Unmounts a previously mounted ZIP archive mounted to \fImountpoint\fR.
.SS "ZIP CREATION COMMANDS"
This package also provides several commands to aid the creation of ZIP
archives as Tcl applications.
.TP
\fBzipfs mkzip\fR \fIoutfile indir\fR ?\fIstrip\fR? ?\fIpassword\fR?
.
Creates a ZIP archive file named \fIoutfile\fR from the contents of the input
directory \fIindir\fR (contained regular files only) with optional ZIP
password \fIpassword\fR. While processing the files below \fIindir\fR the
optional file name prefix given in \fIstrip\fR is stripped off the beginning
of the respective file name.  When stripping, it is common to remove either
the whole source directory name or the name of its parent directory.
.RS
.PP
\fBCaution:\fR the choice of the \fIindir\fR parameter (less the optional
stripped prefix) determines the later root name of the archive's content.
.RE
.TP
\fBzipfs mkimg\fR \fIoutfile indir\fR ?\fIstrip\fR? ?\fIpassword\fR? ?\fIinfile\fR?
.
Creates an image (potentially a new executable file) similar to \fBzipfs
mkzip\fR; see that command for a description of most parameters to this
command, as they behave identically here.
.RS
.PP
If the \fIinfile\fR parameter is specified, this file is prepended in front of
the ZIP archive, otherwise the file returned by \fBinfo nameofexecutable\fR
(i.e., the executable file of the running process) is used.

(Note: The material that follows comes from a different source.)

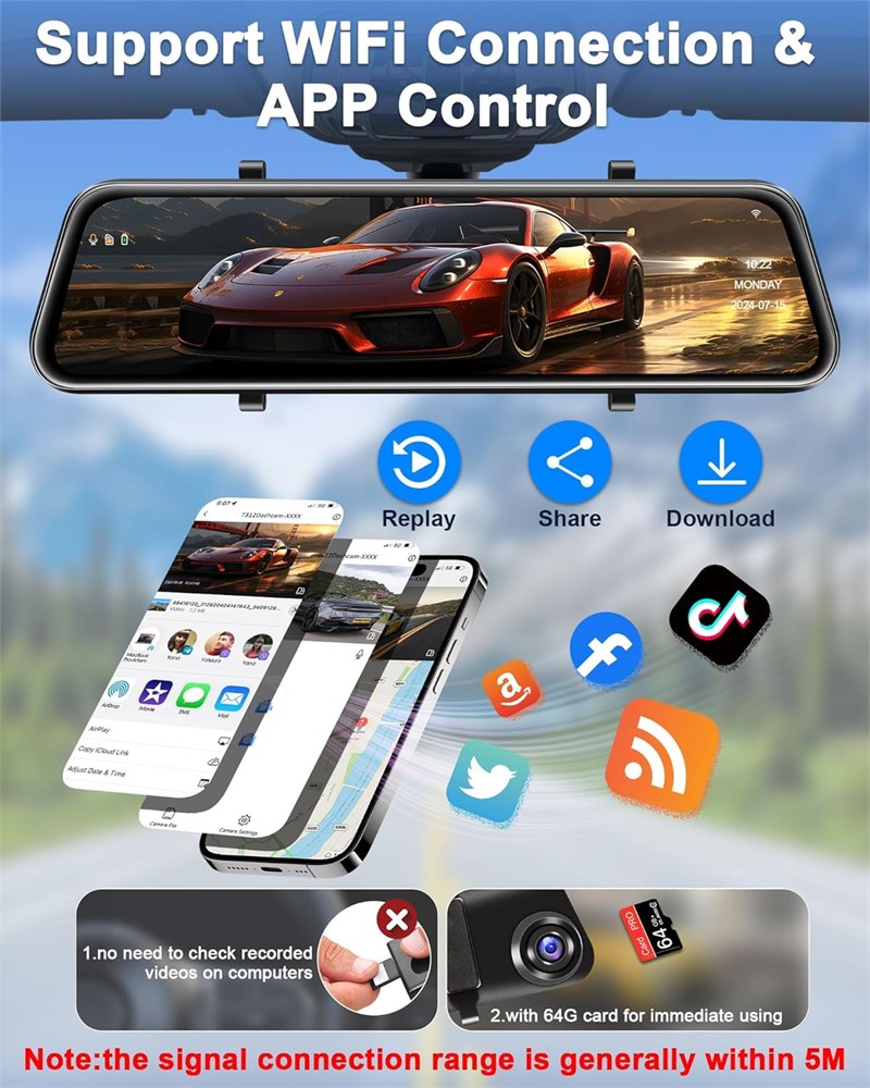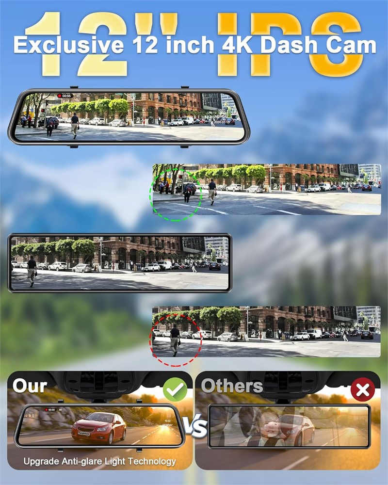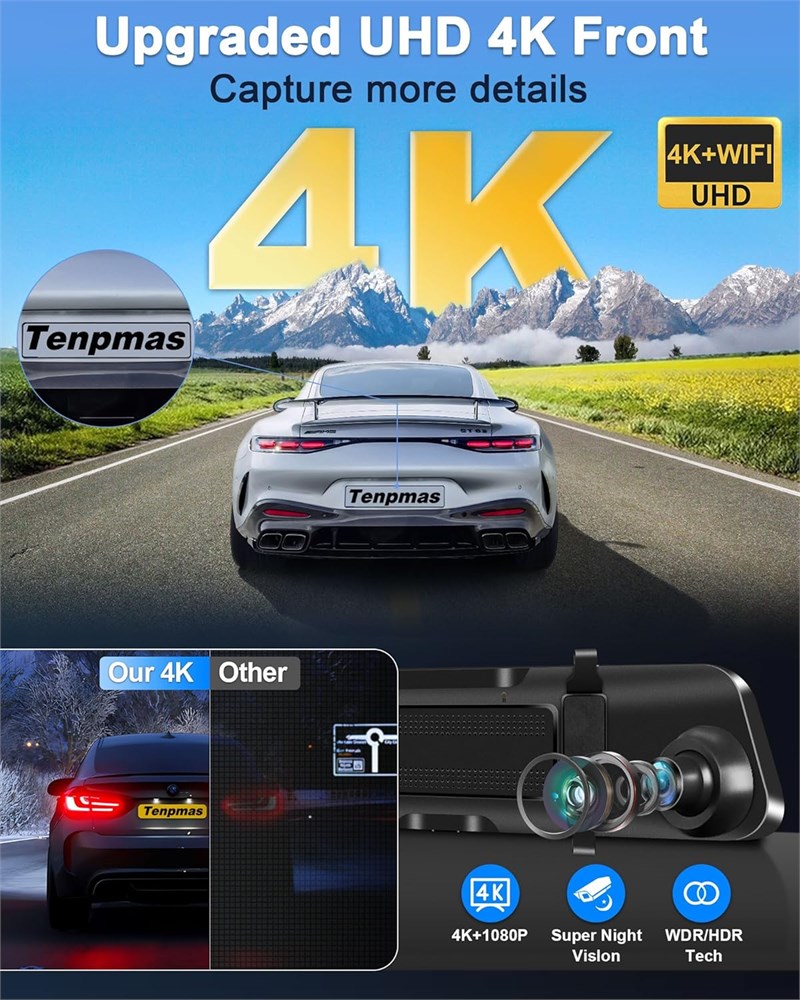 4K HD Quality Recording & Widened 12 inch Touchscreen: Tenpmas rear view mirror with 4K Ultra HD front camera, easy to see road signs, licence plates and other important details, major accidents can be documented, but also convenient for you to view more textured video clips of your self-driving trip at any time! The rear view mirror camera touchscreen adopts 12' IPS display, perfect coverage of the car original rearview mirror, large screen and large field of view, providing a wider field of view than 10 inch/11 inch dash cam mirrors! WiFi-APP Control: 4K mirror dash cam front and rear camera with WiFi for viewing videos directly on your mobile phone! You can change the options for the dashcam rearview mirror on the mobile APP. Share your travels and moments with friends and family with just one click. Save the hassle of removing the SD card and reading it on your computer, and provide video directly as key evidence in an emergency! Our rearview mirror dash camera comes with a 64GB memory card, so there's no need to buy an additional one. 170 Ultra Wide Angle and 2 Types of Reverse Screens: The dash cam front and rear camera provides 170 +140 ultra-wide angle, easily capture the front/rear/side of the sudden appearance of vehicles and people, driving safety is greatly improved, even if your boot is full of debris can easily know the situation behind you! The mirror backup camera has 2 kinds of reversing auxiliary screen to provide you with the most realistic reversing vision, you can choose to zoom in/out the reversing screen according to your driving habits! WDR/HDR Night Vision and Mirror/Original Switching: Tenpmas rear view mirror backup camera use advanced WDR technology to balance the light, minimising the glare of the sun during the day and the headlights of other cars at night. And the dash cam rear view mirror further enhanced by Starvis II sensor, F1.5 large aperture and 6 glass lens, the night image/video is more ambient! Details such as licence plates are clearly visible even in low light conditions. The rear view camera supports Mirror/Original image display, you can use it as a front or rear camera. Upgraded IP69K Waterproof Rear Camera: Compared with other car cameras, Tenpmas' rear view mirror camera displays images better, without fear of strong light during the day and direct rear headlights at night. The back up camera is made of the best waterproof material inside and outside, which meets the international IP69K waterproof standard, so you don't need to worry about the lens getting foggy or watery. In addition, the dash camera also supports flexible mounting, so you can choose to mount it inside the car on the rear windscreen (bracket included) or outside the car. Multi-functional Rear View Mirror: The rearview mirror dash camera provides 24-hour parking monitoring, loop recording, G-sensor. In case of a collision, rearview mirror will automatically turn on and record a short video, automatically lock and save the recorded video to record important moments. (Note: This feature requires the additional purchase of the dash cam Hardwire Kit) Meanwhile, the TYPE-C interface and super capacitor design make the dashcam safer to use, longer life and more stable power supply.

If the
\fIpassword\fR parameter is not empty, an obfuscated version of that password
(see \fBzipfs mkkey\fR) is placed between the image and ZIP chunks of the
output file and the contents of the ZIP chunk are protected with that
password.
.PP
If there is a file, \fBmain.tcl\fR, in the root directory of the resulting
archive and the image file that the archive is attached to is a \fBtclsh\fR
(or \fBwish\fR) instance (true by default, but depends on your configuration),
then the resulting image is an executable that will \fBsource\fR the script in
that \fBmain.tcl\fR after mounting the ZIP archive, and will \fBexit\fR once
that script has been executed.
.PP
\fBCaution:\fR highly experimental, not usable on Android, only partially
tested on Linux and Windows.
.RE
.TP
\fBzipfs mkkey\fR \fIpassword\fR
.
Given the clear text \fIpassword\fR argument, an obfuscated string version is
returned with the same format used in the \fBzipfs mkimg\fR command.
.TP
\fBzipfs lmkimg\fR \fIoutfile inlist\fR ?\fIpassword infile\fR?
.
This command is like \fBzipfs mkimg\fR, but instead of an input directory,
\fIinlist\fR must be a Tcl list where the odd elements are the names of files
to be copied into the archive in the image, and the even elements are their
respective names within that archive.
.TP
\fBzipfs lmkzip\fR \fIoutfile inlist\fR ?\fIpassword\fR?
.
This command is like \fBzipfs mkzip\fR, but instead of an input directory,
\fIinlist\fR must be a Tcl list where the odd elements are the names of files
to be copied into the archive, and the even elements are their respective
names within that archive.
.SH "EXAMPLES"
.PP
Mounting an ZIP archive as an application directory and running code out of it
before unmounting it again:
.PP
.CS
set zip myApp.zip
set base [file join [\fbzipfs root\fR] myApp]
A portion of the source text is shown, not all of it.